*RECORDS FOR THIS EXERCISE:*
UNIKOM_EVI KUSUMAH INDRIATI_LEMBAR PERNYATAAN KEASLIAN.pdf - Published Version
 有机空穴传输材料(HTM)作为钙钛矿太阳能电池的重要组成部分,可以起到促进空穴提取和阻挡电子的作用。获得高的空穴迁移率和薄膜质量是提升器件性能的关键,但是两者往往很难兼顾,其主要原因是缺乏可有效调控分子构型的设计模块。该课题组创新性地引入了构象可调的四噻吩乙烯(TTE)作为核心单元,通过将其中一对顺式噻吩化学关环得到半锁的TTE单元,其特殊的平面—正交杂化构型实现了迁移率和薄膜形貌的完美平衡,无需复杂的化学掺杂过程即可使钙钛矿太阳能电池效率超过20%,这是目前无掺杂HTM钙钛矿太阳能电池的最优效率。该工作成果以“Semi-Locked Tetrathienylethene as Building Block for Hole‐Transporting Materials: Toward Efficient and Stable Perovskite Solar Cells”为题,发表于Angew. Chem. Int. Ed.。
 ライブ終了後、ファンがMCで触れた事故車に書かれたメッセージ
* * *
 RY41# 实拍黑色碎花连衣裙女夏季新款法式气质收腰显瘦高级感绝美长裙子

*PROBLEM REQUIREMENTS:* Retype, exactly and in full, the lines above from the one containing "UNIKOM_EVI KUSUMAH INDRIATI_LEMBAR" through the one containing "ライブ終了後、ファンがMCで触れた事故車に書かれたメッセージ".

*RESPONSE BOX:*
UNIKOM_EVI KUSUMAH INDRIATI_LEMBAR PERNYATAAN KEASLIAN.pdf - Published Version
 有机空穴传输材料(HTM)作为钙钛矿太阳能电池的重要组成部分,可以起到促进空穴提取和阻挡电子的作用。获得高的空穴迁移率和薄膜质量是提升器件性能的关键,但是两者往往很难兼顾,其主要原因是缺乏可有效调控分子构型的设计模块。该课题组创新性地引入了构象可调的四噻吩乙烯(TTE)作为核心单元,通过将其中一对顺式噻吩化学关环得到半锁的TTE单元,其特殊的平面—正交杂化构型实现了迁移率和薄膜形貌的完美平衡,无需复杂的化学掺杂过程即可使钙钛矿太阳能电池效率超过20%,这是目前无掺杂HTM钙钛矿太阳能电池的最优效率。该工作成果以“Semi-Locked Tetrathienylethene as Building Block for Hole‐Transporting Materials: Toward Efficient and Stable Perovskite Solar Cells”为题,发表于Angew. Chem. Int. Ed.。
 ライブ終了後、ファンがMCで触れた事故車に書かれたメッセージ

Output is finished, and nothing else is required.